We have come to final round of our blog smackdown between containerization and virtualization. Read on to see if anyone inflicts a beat-down. Our final post looks at device access and concludes with a few words summing up the contest.
For new readers, we are at the end of our “wrestling match” – a friendly contest between Taras Shapovalov, (team container) Piotr Wachowicz (team VM).
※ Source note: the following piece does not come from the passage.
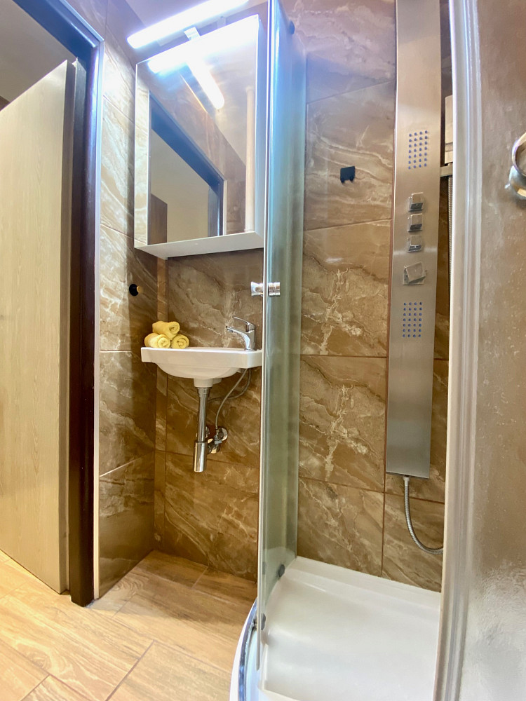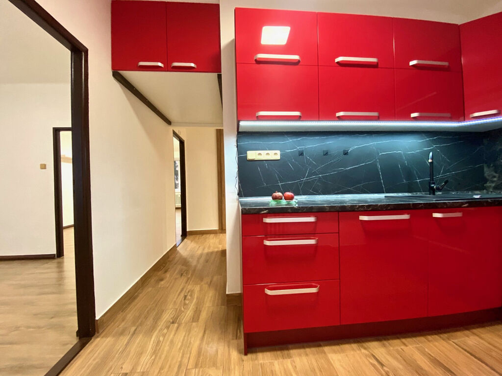 Byt po celkové rekonstrukci je dispozičně, velice prakticky řešen. Prostorná vstupní část nabízí dostatek úložného prostoru v podobě vestavěné skříně, zabudované po celé pravé části chodby. Bytová jednotka sestává ze dvou samostatných pokojů a krásné kuchyně, která působí svým designem nadčasově. Koupelna disponuje umyvadlem a nadstandardním sprchovým koutem. WC je samostatné.

The battle royal includes:
- Image size and overhead
- Start time and setup orchestration
- Image formats
- Application sharing
- Image version control and package distribution
- Package distribution
- Device access
Let’s go to Round 8, the Final Round - Device Access
Taras – Any particular device’s access within a container can be restricted when required. However, in general there is no problem gaining access to any device attached to the host from within the container.
By contrast, virtualization presents obstacles to accessing devices, because the hypervisor abstracts physical hardware when running a VM. Examples include GPUs, coprocessors, and InfiniBand (IB) host channel adapters (HCA). Several projects are in the works that promise to give access to a GPU within a VM, but they do not work perfectly for all hypervisors – and there is no unified way to pass any generic device to a VM.
Piotr – For this one, I want to start at the end. There is actually a unified way to provide VMs with a passthrough to a peripheral component interconnect (PCI). Intel implements the support for it using what they call VT-d; AMD uses IOMMO. The only drawback is that, for the passthrough to work, the device must support certain PCI standards. This means the passthrough can’t be done with every PCI card, but it can be done with those that implement the standards.
You mentioned InfiniBand earlier. In fact, exposing a single IB HCA to multiple VMs
via PCI passthrough and SR-IOV is reasonably easy with Kernel-based Virtual Machine (KVM) and OpenStack. We actually did it some time ago. Exposing a GPU to VMs is bit trickier. As you point out, there are many ways to approach this. You could go with GPU “API Remoting,” like rCUDA, but that might be slow for some applications. Or, you could go with a generic PCI passthrough, or, its special case, a GPU passthrough.
Both the passthrough-based solutions work, but I have to agree that they require quite a bit of prior setup and fiddling. Another drawback is that they lack the ability to share a single GPU between multiple VMs. If that is not a requirement, PCI passthrough gets you performance numbers only a few percent shy from those of bare metal. So, in my view, this solution is comparable to containers.
To go one step further, sharing a single GPU among multiple users in KVM, you would need to use either GPU API Remoting, or have a GPU card that supports the SR-IOV standard. Incidentally, last year AMD did just that, unveiling AMD Multiuser GPU technology, based on the SR-IOV standard. However, I haven’t yet seen it used with KVM. Then again, I wasn’t exactly looking.
As for Xeon Phi in VMs – I know some people claim they got it to work using PCI passthrough on some hypervisors. I’m not sure if KVM was one of those. From what I gather, the latest generation of Intel’s next-generation Xeon Phi coprocessors, Knights Landing, makes things easier. What do you think about that?
Taras - Yes, I agree that the Knight’s Landing processor solves this, because the chips behave similarly to regular CPUs (they will just replace the CPUs), so passthrough technologies will no longer be needed. On the other hand, Intel is going to continue to produce PCI-versions of Xeon Phi, so passthrough technology will still be needed.
Piotr - To sum up the discussion (aka wrestling match) on my end, I do not see VMs and containers as competitors. They simply have different use cases. However, I believe strongly that OpenStack can provide a perfect ecosystem in which containers can thrive, and I hope that the container and OpenStack communities will work even closer together in the future.
Taras - I agree – Let’s hope for that.